It is not particularly clear is it? I must admit that is my understanding as well

....btw -  like the water can tip


----------



## tony (Jul 7, 2010)

dont forget the toilet paper.
tony


----------



## Basil (Jul 7, 2010)

Gaffa tape as you just never know. If you use hose pipes dont forget different tap adapters.... Level Blocks


----------



## Mudders (Jul 7, 2010)

You definitely need a yellow vest for each person in the van, plus a triangle (or two if you are going to Spain).

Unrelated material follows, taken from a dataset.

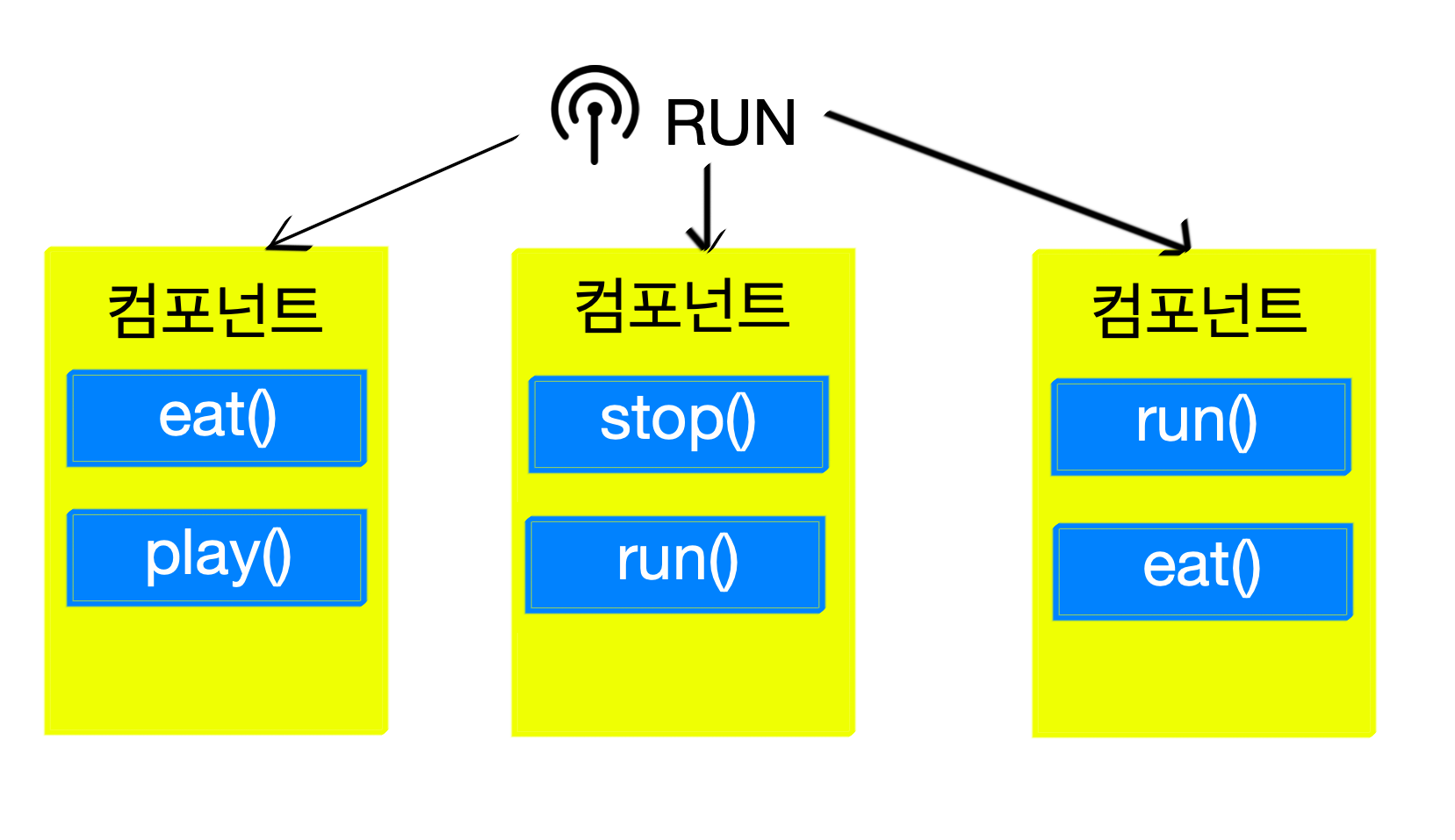 컴포넌트는 서로 독립적이기 때문에 어떤 컴포넌트의 특정 기능을 실행 시키고 싶을때 직접 찾는 방법 대신에 메시지를 날리는 방식을 사용합니다,

This is now law in France, and I think you can be fined on the spot if you don't have them.
And the absolute essential, bottle opener.
We leave most of the usual items listed, crockery, gas bottles, everyday items in our van all the time, so it's ready to go, just add wine, food and fuel!


----------



## Belgian (Jul 7, 2010)

***** said:


> Also spare light bulbs if going to mainland Europe


Especially when you go to Scandinavia where you should have lights on in daytime


----------



## UFO (Aug 18, 2010)

The AA website covers what different European countries require (warning triangles, hi-viz vests, etc)

http://www.theaa.com/motoring_advice/touring_tips/compulsory_equipment.pdf

Summarised in a pdf http://www.theaa.com/motoring_advice/touring_tips/compulsory_equipment.pdf


----------



## IJenk52 (Aug 18, 2010)

*equipment list*

I've got a packing list in Excel format if anyone can tell me how to, I'll upload it.


----------